BK receivers say debt, Covid-19 were significant blows
Burger King remains a ‘‘tricky’’ prospect for potential investors during the global economic downturn, says economic analyst Brad Olsen.
The restaurant chain is being sold as a going concern after its franchise owners were put into receivership on April 14.
The first receivers report into the business failure said Burger King’s owners faced financial pressures due to its high secured debt, combined with the impact of the Covid-19 pandemic.
Receiver Brendon Gibson, from KordaMentha, said the ultimate shareholder behind the chain in New Zealand was unwilling to provide additional funding and, as a result, the secured debt holder called in receivers.
As of March 31, Burger King owed about $50 million to banks, the report said. ANZ Bank had a registered financing statement against the companies, it said.
Gibson previously said the lenders were a consortium of ANZ, ASB and Rabobank.
Burger King’s parent shareholding companies Tango Finance Ltd, Tango New Zealand Ltd and Antares New Zealand Holdings Ltd were placed in receivership while Burger King’s operator, Antares Restaurant Group, was not.
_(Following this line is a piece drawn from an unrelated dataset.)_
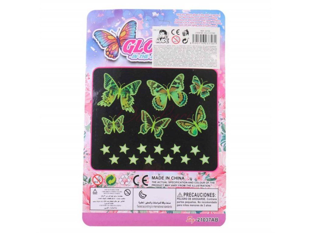 Fluorescenční samolepky Motýli a hvězdičky – svítící ozdoby, dekorace na stěnu, do dětského pokoje! Svítí ve tmě (fosforeskuje). Součástí štítky k nalepení.

The only realisable assets of the company were shares in Antares Restaurant Group owned by Antares New Zealand Holdings, the report said.
In 2011, Antares was bought by
United States private equity firm Blackstone Group, which manages over US$500 billion of assets.
The report showed Antares New Zealand Holdings received more than $104m from Tango New Zealand, while Antares Restaurant Group received $46m from Antares New Zealand Holdings.
Parent company Tango Finance had pumped $82m into Tango New Zealand.
Burger King’s receivers were currently assessing unsecured creditors’ claims.